Each line below should be repeated exactly as written, with no pictures carried over.

▶ **Data**

=== Section Start ===

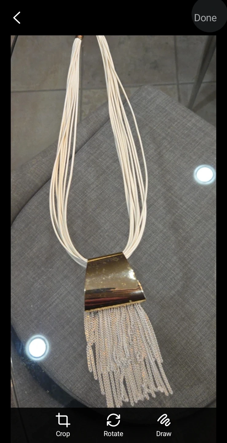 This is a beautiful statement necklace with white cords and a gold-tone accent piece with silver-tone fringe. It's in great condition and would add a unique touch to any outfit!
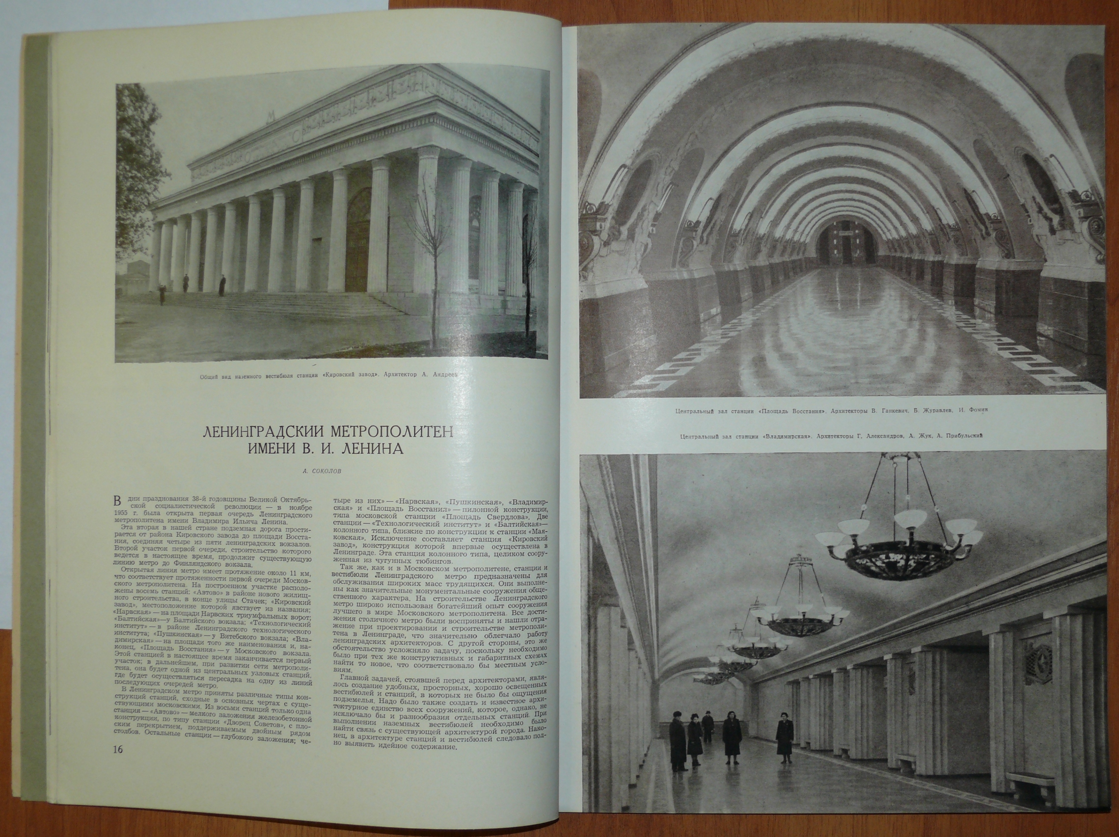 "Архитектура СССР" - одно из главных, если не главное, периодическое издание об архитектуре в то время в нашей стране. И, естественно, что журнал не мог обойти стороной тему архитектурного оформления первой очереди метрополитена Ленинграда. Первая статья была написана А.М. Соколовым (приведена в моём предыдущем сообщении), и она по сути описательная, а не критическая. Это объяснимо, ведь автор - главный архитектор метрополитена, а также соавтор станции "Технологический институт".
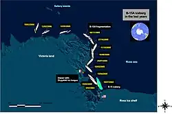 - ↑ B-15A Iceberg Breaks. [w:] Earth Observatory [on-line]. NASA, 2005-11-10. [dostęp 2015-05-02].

=== Section End ===

▶ **Exercise solution**
 This is a beautiful statement necklace with white cords and a gold-tone accent piece with silver-tone fringe. It's in great condition and would add a unique touch to any outfit!
 "Архитектура СССР" - одно из главных, если не главное, периодическое издание об архитектуре в то время в нашей стране. И, естественно, что журнал не мог обойти стороной тему архитектурного оформления первой очереди метрополитена Ленинграда. Первая статья была написана А.М. Соколовым (приведена в моём предыдущем сообщении), и она по сути описательная, а не критическая. Это объяснимо, ведь автор - главный архитектор метрополитена, а также соавтор станции "Технологический институт".
 - ↑ B-15A Iceberg Breaks. [w:] Earth Observatory [on-line]. NASA, 2005-11-10. [dostęp 2015-05-02].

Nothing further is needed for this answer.